AIM OF THE TASK -
In the listing below, the line containing "Aktion im Werk Bremen am 14.11.05" marks the end; copy exactly every line from the first through that one.

+-------+

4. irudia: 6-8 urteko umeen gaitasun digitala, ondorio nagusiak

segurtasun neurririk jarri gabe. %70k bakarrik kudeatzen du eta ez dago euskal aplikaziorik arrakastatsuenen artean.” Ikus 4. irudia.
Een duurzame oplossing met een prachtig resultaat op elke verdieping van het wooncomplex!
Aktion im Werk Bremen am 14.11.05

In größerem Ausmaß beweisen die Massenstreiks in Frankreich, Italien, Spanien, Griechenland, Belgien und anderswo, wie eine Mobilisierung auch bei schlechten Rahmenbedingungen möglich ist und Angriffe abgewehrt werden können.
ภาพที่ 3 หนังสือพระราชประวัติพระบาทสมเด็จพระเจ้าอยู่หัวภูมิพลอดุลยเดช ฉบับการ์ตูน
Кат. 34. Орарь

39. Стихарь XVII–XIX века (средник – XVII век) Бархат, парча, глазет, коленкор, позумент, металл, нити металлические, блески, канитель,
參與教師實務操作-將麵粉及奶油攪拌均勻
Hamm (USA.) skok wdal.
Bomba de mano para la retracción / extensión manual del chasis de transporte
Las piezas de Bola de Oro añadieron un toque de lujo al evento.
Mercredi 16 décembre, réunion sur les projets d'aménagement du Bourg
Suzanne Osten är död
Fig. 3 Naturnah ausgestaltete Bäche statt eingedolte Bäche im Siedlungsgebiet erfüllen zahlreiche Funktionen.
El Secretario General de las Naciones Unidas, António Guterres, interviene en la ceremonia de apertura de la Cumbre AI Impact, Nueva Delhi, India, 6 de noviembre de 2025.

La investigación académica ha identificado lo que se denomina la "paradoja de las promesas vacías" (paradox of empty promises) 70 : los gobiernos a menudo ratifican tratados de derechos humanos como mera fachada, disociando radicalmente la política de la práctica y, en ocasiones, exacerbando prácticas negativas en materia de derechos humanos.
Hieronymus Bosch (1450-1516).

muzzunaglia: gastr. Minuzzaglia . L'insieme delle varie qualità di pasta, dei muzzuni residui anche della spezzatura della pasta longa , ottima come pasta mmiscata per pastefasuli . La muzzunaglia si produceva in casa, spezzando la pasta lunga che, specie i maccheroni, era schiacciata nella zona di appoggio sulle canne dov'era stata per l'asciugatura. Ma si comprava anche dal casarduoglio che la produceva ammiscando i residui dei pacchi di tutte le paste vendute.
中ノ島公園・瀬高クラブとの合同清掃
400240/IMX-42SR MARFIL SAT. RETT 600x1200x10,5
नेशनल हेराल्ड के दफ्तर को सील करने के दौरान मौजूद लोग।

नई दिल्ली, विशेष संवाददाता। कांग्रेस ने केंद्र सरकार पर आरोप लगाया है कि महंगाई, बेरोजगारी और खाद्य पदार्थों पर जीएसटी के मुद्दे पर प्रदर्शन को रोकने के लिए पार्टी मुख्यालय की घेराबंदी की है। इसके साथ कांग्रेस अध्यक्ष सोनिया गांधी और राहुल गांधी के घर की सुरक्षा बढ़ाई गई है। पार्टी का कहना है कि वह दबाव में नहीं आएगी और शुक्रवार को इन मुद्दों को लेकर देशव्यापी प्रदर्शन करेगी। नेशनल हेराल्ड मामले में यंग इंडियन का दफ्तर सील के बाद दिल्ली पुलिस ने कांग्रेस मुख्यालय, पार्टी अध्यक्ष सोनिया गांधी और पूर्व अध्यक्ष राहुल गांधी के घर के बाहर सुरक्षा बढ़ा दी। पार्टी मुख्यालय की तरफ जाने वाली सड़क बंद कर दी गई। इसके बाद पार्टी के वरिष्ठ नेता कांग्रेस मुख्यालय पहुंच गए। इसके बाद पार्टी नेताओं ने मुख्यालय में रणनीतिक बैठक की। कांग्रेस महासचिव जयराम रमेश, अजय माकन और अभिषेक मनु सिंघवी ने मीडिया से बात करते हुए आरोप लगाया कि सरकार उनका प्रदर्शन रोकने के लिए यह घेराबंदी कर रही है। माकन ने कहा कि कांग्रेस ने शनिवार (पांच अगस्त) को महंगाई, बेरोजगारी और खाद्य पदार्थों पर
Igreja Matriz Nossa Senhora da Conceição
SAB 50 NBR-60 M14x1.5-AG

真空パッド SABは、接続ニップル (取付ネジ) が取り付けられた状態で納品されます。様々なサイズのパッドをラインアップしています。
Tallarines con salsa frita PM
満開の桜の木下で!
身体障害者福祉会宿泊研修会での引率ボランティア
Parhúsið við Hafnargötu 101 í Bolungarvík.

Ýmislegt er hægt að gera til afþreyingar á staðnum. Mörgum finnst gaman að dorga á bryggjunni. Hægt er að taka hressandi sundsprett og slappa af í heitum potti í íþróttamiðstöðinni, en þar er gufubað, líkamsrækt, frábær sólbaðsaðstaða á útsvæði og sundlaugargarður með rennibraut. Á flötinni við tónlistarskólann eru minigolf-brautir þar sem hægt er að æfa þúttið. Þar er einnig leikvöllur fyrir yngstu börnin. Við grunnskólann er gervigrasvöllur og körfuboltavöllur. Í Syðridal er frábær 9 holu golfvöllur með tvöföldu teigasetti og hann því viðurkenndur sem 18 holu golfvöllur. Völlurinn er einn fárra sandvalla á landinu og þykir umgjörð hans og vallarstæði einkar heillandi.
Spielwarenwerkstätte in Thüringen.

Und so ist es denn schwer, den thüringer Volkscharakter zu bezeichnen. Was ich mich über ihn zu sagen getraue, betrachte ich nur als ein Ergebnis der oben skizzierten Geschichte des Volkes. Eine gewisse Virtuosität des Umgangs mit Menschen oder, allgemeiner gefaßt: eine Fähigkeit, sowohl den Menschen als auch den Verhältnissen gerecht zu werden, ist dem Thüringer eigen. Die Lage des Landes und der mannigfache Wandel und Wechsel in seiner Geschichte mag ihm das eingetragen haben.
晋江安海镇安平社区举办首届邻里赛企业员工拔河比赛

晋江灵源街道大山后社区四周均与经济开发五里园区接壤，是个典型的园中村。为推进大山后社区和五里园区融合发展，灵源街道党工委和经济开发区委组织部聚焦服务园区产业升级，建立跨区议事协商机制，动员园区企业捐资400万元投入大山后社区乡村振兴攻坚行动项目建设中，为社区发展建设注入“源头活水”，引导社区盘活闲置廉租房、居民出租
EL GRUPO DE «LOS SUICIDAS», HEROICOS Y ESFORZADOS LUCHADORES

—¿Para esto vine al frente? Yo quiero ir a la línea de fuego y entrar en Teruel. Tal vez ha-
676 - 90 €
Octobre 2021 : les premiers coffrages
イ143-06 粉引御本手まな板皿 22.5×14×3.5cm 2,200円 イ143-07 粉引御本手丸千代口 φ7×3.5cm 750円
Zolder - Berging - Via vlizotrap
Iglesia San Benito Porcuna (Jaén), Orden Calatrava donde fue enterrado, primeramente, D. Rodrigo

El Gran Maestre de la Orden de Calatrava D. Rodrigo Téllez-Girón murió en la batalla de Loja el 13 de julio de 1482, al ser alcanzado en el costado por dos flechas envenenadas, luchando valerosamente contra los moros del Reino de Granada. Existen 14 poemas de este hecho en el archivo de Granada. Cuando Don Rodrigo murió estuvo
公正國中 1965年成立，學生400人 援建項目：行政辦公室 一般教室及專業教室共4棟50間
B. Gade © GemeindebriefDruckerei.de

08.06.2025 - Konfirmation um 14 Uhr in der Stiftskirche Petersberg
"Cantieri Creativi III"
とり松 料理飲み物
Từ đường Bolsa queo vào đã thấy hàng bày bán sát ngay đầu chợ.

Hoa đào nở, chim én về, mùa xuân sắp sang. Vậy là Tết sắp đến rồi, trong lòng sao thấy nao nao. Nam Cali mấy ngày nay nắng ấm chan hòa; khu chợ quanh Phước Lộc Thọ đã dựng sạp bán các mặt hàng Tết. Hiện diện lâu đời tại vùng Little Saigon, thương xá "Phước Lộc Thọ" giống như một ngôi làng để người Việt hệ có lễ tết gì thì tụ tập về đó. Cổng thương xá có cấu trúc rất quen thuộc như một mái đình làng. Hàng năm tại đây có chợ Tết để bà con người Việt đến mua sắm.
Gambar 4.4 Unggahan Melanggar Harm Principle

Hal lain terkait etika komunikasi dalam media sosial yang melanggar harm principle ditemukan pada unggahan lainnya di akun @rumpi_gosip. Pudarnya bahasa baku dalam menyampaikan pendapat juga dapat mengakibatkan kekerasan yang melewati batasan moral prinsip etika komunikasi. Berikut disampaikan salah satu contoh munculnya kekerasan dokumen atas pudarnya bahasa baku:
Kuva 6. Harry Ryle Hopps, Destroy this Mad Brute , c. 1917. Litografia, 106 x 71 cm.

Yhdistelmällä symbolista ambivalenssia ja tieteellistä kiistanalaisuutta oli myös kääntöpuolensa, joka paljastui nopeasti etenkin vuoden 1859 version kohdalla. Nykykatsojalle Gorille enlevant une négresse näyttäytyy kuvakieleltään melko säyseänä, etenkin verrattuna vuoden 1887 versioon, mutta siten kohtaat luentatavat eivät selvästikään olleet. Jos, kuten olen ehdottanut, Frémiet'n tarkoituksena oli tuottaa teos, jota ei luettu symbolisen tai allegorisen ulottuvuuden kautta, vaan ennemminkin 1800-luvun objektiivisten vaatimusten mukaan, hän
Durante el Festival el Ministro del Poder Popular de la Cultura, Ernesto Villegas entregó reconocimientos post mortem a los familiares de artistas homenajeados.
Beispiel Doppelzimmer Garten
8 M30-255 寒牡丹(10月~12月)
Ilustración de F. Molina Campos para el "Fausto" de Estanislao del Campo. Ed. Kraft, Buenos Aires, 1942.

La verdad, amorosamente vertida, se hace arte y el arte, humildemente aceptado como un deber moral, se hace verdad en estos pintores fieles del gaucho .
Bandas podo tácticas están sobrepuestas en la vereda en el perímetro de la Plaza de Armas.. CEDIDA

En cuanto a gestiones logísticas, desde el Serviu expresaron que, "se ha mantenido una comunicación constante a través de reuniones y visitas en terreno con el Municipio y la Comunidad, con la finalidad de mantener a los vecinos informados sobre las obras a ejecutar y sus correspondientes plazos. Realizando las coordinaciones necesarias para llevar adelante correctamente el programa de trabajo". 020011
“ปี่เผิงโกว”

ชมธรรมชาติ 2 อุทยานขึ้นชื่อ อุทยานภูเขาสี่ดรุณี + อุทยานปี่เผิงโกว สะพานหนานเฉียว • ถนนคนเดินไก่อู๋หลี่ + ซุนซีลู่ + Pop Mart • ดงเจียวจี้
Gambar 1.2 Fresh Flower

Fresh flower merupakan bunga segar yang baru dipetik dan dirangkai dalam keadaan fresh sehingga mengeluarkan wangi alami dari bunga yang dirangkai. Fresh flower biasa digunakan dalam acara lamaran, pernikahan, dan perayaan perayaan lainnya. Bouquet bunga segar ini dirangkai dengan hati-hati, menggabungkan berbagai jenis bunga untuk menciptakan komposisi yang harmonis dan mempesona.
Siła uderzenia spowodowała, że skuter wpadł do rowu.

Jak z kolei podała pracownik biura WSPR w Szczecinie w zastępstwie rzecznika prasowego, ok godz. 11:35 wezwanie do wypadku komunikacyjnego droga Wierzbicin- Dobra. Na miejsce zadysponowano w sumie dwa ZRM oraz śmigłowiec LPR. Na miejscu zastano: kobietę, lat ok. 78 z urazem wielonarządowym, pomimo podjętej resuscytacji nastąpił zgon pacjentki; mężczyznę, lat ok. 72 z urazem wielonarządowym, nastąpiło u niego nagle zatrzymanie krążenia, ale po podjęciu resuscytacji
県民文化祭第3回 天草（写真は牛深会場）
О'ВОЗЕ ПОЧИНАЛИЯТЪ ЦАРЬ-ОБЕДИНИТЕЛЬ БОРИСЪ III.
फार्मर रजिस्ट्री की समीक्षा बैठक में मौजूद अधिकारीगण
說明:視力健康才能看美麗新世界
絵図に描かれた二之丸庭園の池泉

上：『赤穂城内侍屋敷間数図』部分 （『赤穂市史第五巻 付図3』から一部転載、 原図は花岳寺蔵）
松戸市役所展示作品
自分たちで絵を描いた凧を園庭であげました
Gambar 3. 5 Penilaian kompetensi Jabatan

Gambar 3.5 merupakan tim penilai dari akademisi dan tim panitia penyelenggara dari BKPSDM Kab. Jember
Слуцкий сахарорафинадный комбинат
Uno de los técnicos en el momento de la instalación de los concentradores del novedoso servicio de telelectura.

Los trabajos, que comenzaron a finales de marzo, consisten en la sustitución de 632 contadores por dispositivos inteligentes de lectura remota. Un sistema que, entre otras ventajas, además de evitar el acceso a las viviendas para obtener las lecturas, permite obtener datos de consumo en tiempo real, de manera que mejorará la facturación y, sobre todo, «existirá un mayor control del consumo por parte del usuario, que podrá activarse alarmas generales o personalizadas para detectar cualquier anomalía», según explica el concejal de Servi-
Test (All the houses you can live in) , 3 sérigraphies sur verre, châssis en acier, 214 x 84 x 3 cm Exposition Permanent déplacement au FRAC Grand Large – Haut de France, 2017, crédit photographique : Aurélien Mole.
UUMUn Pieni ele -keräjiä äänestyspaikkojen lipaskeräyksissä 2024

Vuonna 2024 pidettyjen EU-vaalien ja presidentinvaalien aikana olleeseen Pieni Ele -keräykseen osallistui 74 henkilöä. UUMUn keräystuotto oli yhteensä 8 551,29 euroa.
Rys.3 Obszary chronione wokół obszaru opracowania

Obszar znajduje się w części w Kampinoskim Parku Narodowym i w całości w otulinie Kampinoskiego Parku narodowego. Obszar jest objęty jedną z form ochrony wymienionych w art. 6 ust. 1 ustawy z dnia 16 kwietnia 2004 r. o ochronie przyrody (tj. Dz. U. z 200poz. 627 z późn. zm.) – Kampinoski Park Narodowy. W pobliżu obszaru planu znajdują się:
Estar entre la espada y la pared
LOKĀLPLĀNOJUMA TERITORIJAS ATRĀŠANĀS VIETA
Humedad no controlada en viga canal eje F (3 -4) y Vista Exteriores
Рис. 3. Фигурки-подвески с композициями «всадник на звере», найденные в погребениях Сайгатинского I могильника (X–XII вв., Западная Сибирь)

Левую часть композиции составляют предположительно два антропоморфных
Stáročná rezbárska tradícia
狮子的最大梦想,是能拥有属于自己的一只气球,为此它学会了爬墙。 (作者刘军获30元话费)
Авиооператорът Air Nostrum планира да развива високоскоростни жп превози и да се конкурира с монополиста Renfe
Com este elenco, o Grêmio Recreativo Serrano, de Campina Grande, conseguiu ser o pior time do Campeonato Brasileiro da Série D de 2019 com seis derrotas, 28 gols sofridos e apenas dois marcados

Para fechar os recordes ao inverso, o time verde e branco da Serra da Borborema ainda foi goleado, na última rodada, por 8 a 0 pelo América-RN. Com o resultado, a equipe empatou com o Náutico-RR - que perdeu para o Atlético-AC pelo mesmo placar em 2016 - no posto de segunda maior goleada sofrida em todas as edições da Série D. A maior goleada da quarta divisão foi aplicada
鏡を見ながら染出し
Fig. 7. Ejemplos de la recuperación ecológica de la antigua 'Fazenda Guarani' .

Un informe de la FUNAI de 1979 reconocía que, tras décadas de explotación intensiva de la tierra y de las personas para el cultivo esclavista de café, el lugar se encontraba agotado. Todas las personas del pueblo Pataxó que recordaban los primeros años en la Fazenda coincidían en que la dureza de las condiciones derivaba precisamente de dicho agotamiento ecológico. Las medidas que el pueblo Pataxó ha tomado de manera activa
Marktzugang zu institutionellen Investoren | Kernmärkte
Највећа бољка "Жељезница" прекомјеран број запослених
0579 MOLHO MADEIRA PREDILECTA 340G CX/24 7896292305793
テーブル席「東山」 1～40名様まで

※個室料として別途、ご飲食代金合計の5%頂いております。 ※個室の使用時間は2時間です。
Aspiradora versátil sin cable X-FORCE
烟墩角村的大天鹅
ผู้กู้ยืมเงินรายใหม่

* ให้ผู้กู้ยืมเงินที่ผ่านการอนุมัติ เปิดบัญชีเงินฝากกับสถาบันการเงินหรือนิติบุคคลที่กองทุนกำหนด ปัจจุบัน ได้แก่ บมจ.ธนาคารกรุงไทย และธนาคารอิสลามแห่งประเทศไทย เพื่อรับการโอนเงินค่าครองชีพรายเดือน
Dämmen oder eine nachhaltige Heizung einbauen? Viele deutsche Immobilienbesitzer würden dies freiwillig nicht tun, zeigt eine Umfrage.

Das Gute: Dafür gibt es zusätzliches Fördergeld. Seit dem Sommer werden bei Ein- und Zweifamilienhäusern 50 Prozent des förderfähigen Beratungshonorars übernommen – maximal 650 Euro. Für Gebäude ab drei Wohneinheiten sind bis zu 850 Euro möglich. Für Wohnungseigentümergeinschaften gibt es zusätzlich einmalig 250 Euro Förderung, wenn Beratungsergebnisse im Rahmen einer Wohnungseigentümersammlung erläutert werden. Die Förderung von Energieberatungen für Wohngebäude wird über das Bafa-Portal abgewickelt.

+-------+

EXPECTED ANSWER -
4. irudia: 6-8 urteko umeen gaitasun digitala, ondorio nagusiak

segurtasun neurririk jarri gabe. %70k bakarrik kudeatzen du eta ez dago euskal aplikaziorik arrakastatsuenen artean.” Ikus 4. irudia.
Een duurzame oplossing met een prachtig resultaat op elke verdieping van het wooncomplex!
Aktion im Werk Bremen am 14.11.05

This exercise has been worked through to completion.